* _Problem description_
The reply should be an exact repeat of the listing, with no pictures in it.

—————

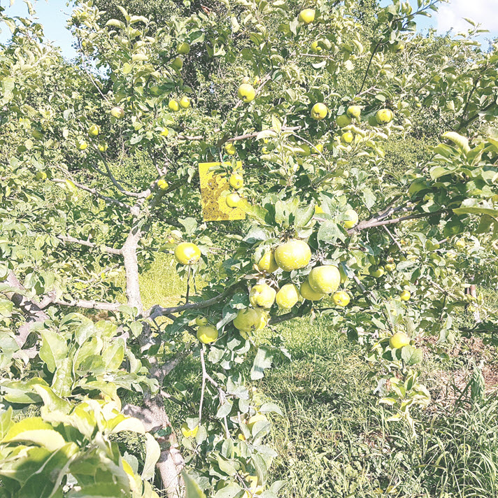 I am also using a yellow sticky sheet to trap bugs and I have been spraying kaolin clay/water mix to protect the tree. |
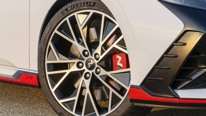 Ngoài ra, Hyundai Elantra N 2022 còn được nâng cấp hệ thống phanh với đĩa phanh 360 mm phía trước và 315 mm phía sau. Mâm xe 19 inch đi kèm với lốp Michelin Pilot Sport 4S (kích thước 245/35) cho độ bám đường tốt hơn. Bộ hút gió trước cũng được thiết kế lại giúp hệ thống phanh trên xe được làm mát tốt hơn.
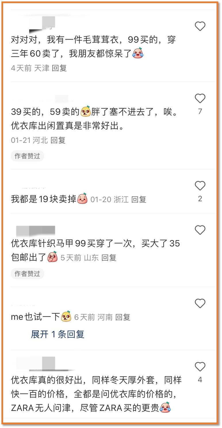 他把这个疑问在小红书发起话题,3天收到120条留言回复,才发现原来在闲鱼上卖二手优衣库的不是他一个,同时也有相当数量的留言来自买家,解释自己为何愿意穿别人穿过的优衣库。
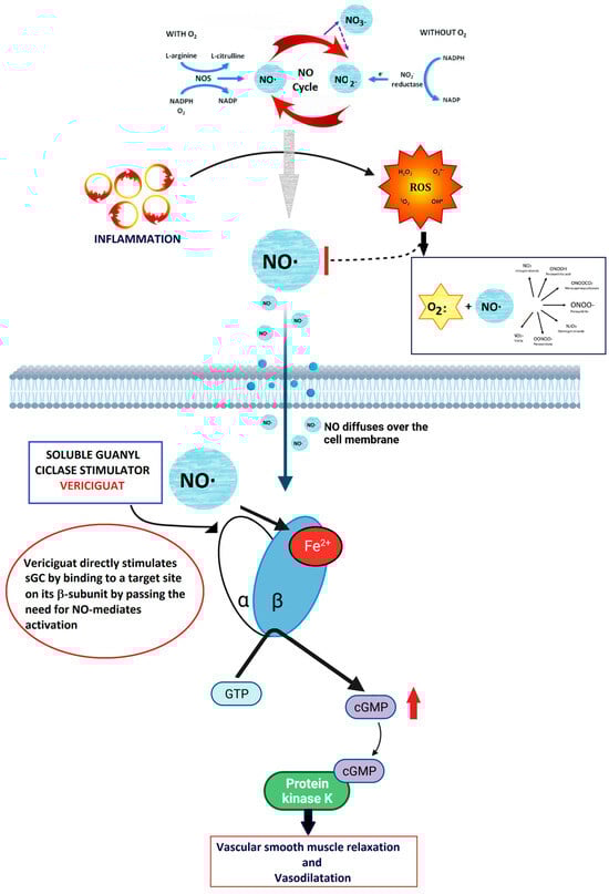 The dysregulation of the NO–sGC–cGMP signaling pathway can occur through oxidative stress, which alters the redox state of sGC, leading to the formation of oxidized and heme-free sGC (apo-sGC), rendering it unresponsive to NO. Endothelial dysfunction can also impair NO production, resulting in decreased NO bioavailability and reduced tissue cGMP levels. Additionally, other factors contributing to impaired NO–sGC–cGMP signaling include decreased levels of L-arginine due to arginase activity, the limited availability of L-arginine, the downregulation of nitric oxide synthase (NOS) in the vascular endothelium, NO inactivation by superoxide anion, elevated plasma concentrations of the endogenous NOS inhibitor ADMA (asymmetric dimethylarginine), disrupted sGC transcription, and the reduced stability of sGC mRNA. These dysfunctions can lead to various cardiovascular, cardiopulmonary, and cardiorenal diseases, such as pulmonary arterial hypertension (PAH) and other forms of pulmonary hypertension [37,38,39]. Acute inflammation can also have an effect on NO levels, as an increased concentration of TNFα can reduce eNOS activity [28].
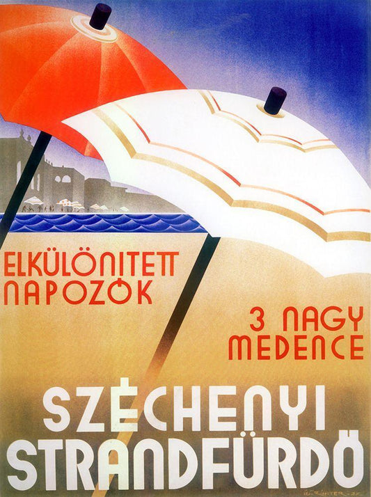 Russian Umbrellas White Modern Wood Framed Art Print with Double Matting by Vintage Apple Collection
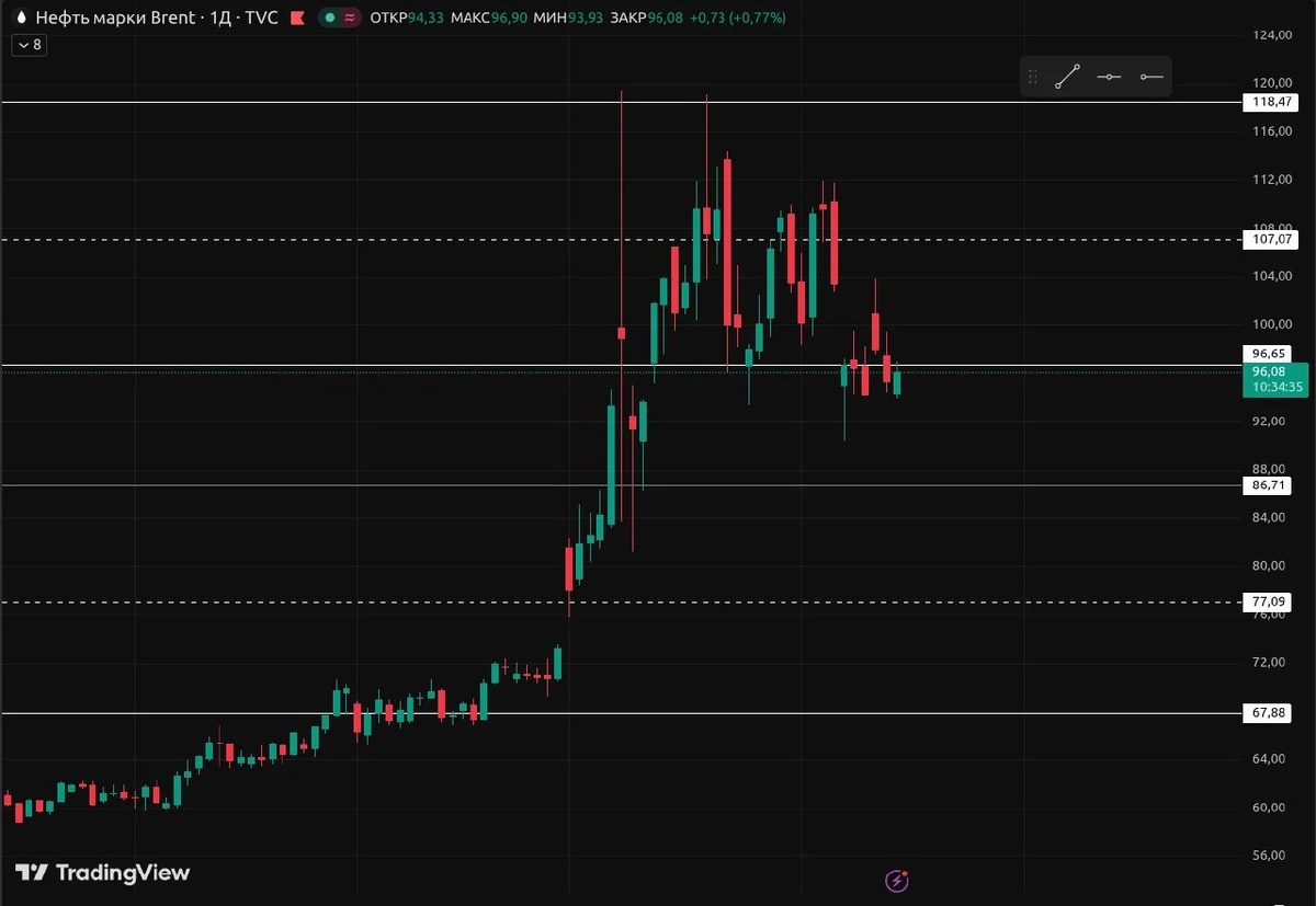 : Не закрылись ниже 2708пт. Постоянно выкупают. Очень хорошо. Возможно, поход на 2800 увидим. Шорты открывать нельзя. Если есть, то только со стопом. Структуру пробивали, но подтверждения еще не было. Доллар-рубль на днях: Пришли на 75,1пт. В данный момент уровень дает реакцию на цену. Очень хорошо. Можем вернуться на 77пт. Нефть: Прошли ниже 96пт. Пока стоим там. Этот уровень не отпускает актив. Наблюдаю. Каких-то действий лучше не совершать, так как ничо не понятно.

—————

* _Reply to the task_
 I am also using a yellow sticky sheet to trap bugs and I have been spraying kaolin clay/water mix to protect the tree. |
 Ngoài ra, Hyundai Elantra N 2022 còn được nâng cấp hệ thống phanh với đĩa phanh 360 mm phía trước và 315 mm phía sau. Mâm xe 19 inch đi kèm với lốp Michelin Pilot Sport 4S (kích thước 245/35) cho độ bám đường tốt hơn. Bộ hút gió trước cũng được thiết kế lại giúp hệ thống phanh trên xe được làm mát tốt hơn.
 他把这个疑问在小红书发起话题,3天收到120条留言回复,才发现原来在闲鱼上卖二手优衣库的不是他一个,同时也有相当数量的留言来自买家,解释自己为何愿意穿别人穿过的优衣库。
 The dysregulation of the NO–sGC–cGMP signaling pathway can occur through oxidative stress, which alters the redox state of sGC, leading to the formation of oxidized and heme-free sGC (apo-sGC), rendering it unresponsive to NO. Endothelial dysfunction can also impair NO production, resulting in decreased NO bioavailability and reduced tissue cGMP levels. Additionally, other factors contributing to impaired NO–sGC–cGMP signaling include decreased levels of L-arginine due to arginase activity, the limited availability of L-arginine, the downregulation of nitric oxide synthase (NOS) in the vascular endothelium, NO inactivation by superoxide anion, elevated plasma concentrations of the endogenous NOS inhibitor ADMA (asymmetric dimethylarginine), disrupted sGC transcription, and the reduced stability of sGC mRNA. These dysfunctions can lead to various cardiovascular, cardiopulmonary, and cardiorenal diseases, such as pulmonary arterial hypertension (PAH) and other forms of pulmonary hypertension [37,38,39]. Acute inflammation can also have an effect on NO levels, as an increased concentration of TNFα can reduce eNOS activity [28].
 Russian Umbrellas White Modern Wood Framed Art Print with Double Matting by Vintage Apple Collection
 : Не закрылись ниже 2708пт. Постоянно выкупают. Очень хорошо. Возможно, поход на 2800 увидим. Шорты открывать нельзя. Если есть, то только со стопом. Структуру пробивали, но подтверждения еще не было. Доллар-рубль на днях: Пришли на 75,1пт. В данный момент уровень дает реакцию на цену. Очень хорошо. Можем вернуться на 77пт. Нефть: Прошли ниже 96пт. Пока стоим там. Этот уровень не отпускает актив. Наблюдаю. Каких-то действий лучше не совершать, так как ничо не понятно.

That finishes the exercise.